Modeling Bacterial Population Growth from Stochastic Single-Cell Dynamics
Applied and Environmental Microbiology, 2014
A few bacterial cells may be sufficient to produce a food-borne illness outbreak, provided that they are capable of adapting and proliferating on a food matrix. This is why any quantitative health risk assessment policy must incorporate methods to accurately predict the growth of bacterial populations from a small number of pathogens. In this aim, mathematical models have become a powerful tool. Unfortunately, at low cell concentrations, standard deterministic models fail to predict the fate of the population, essentially because the heterogeneity between individuals becomes relevant.
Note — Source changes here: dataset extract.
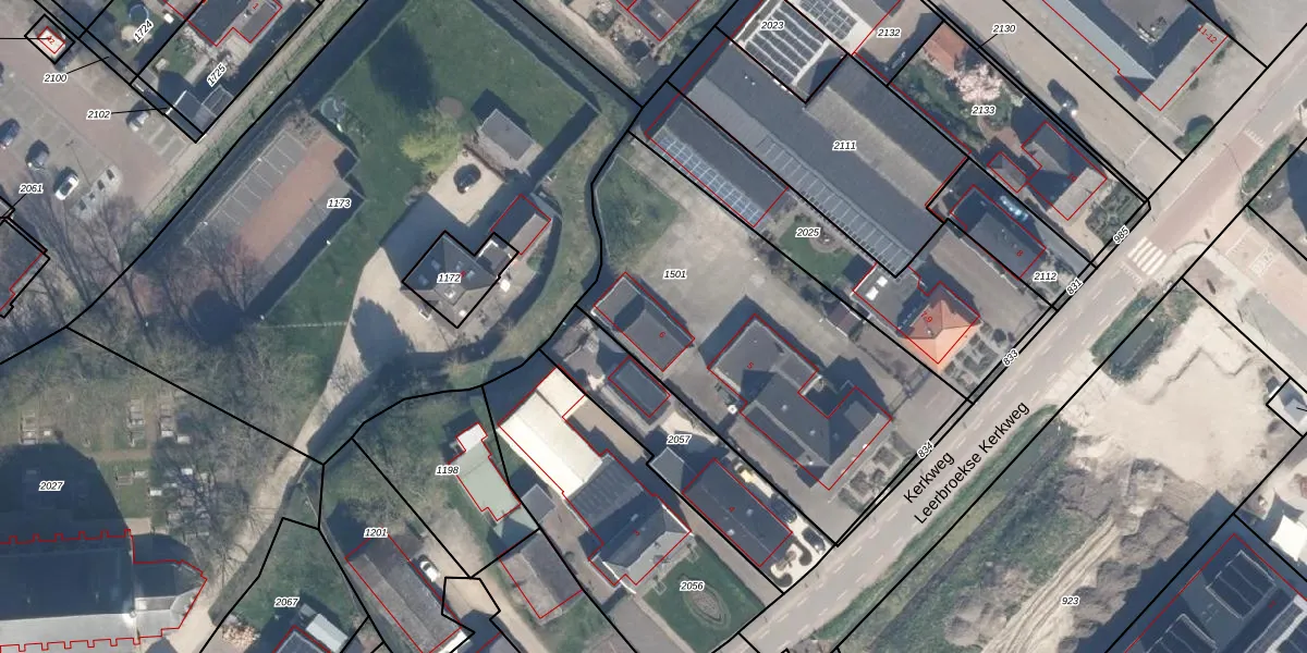 Kerkweg 6 is gelegen op kadastraal perceel LBK01B1501. Deze kadastrale aanduiding is uniek en wordt gebruikt door het Kadaster om eigendomsrechten en andere zakelijke rechten vast te leggen. Het perceel maakt onderdeel uit van de kadastrale gemeente Leerbroek.
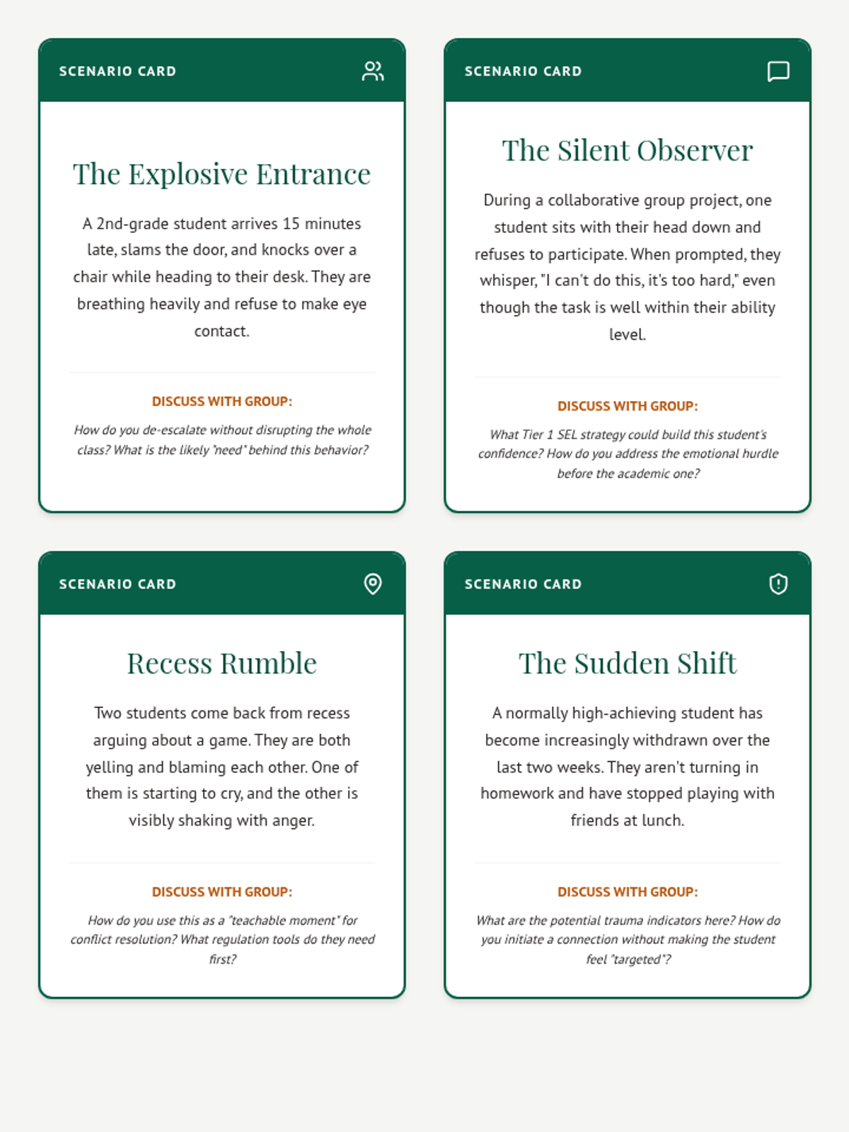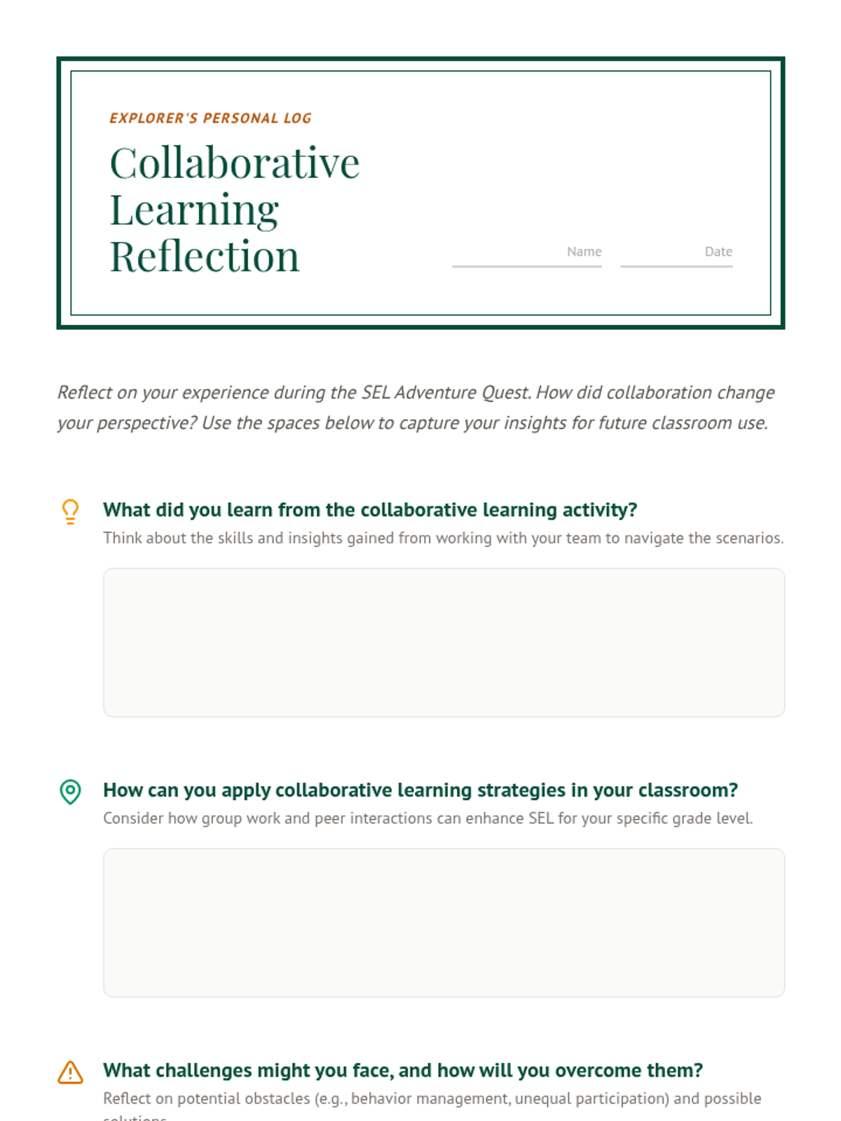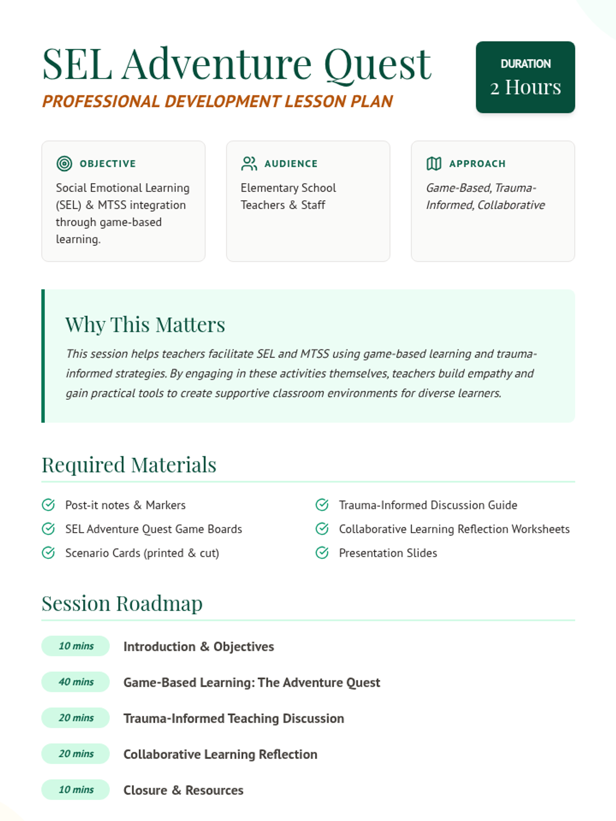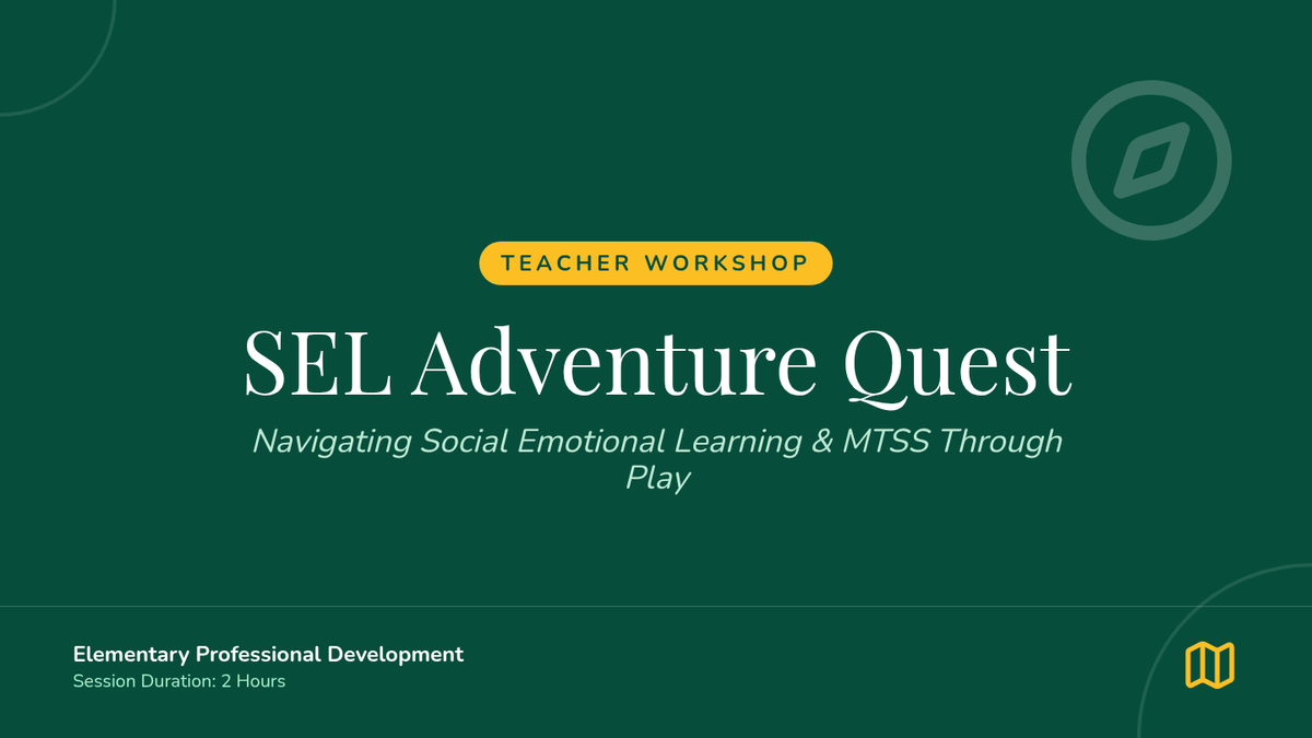 A professional development session for elementary teachers focused on SEL and MTSS using game-based learning and trauma-informed practices. Teachers navigate an "adventure quest" to build empathy, teamwork, and emotional regulation strategies.

In this work, a stochastic differential equation (SDE) model is proposed to describe variability within single-cell growth and division and to simulate population growth from a given initial number of individuals. We provide evidence of the model ability to explain the observed distributions of times to division, including the lag time produced by the adaptation to the environment, by comparing model predictions with experiments from the literature for Escherichia coli, Listeria innocua, and Salmonella enterica. The model is shown to accurately predict experimental growth population dynamics for both small and large microbial populations. The use of stochastic models for the estimation of parameters to successfully fit experimental data is a particularly challenging problem. For instance, if Monte Carlo methods are employed to model the required distributions of times to division, the parameter estimation problem can become numerically intractable. We overcame this limitation by converting the stochastic description to a partial differential equation (backward Kolmogorov) instead, which relates to the distribution of division times. Contrary to previous stochastic formulations based on random parameters, the present model is capable of explaining the variability observed in populations that result from the growth of a small number of initial cells as well as the lack of it compared to populations initiated by a larger number of individuals, where the random effects become negligible.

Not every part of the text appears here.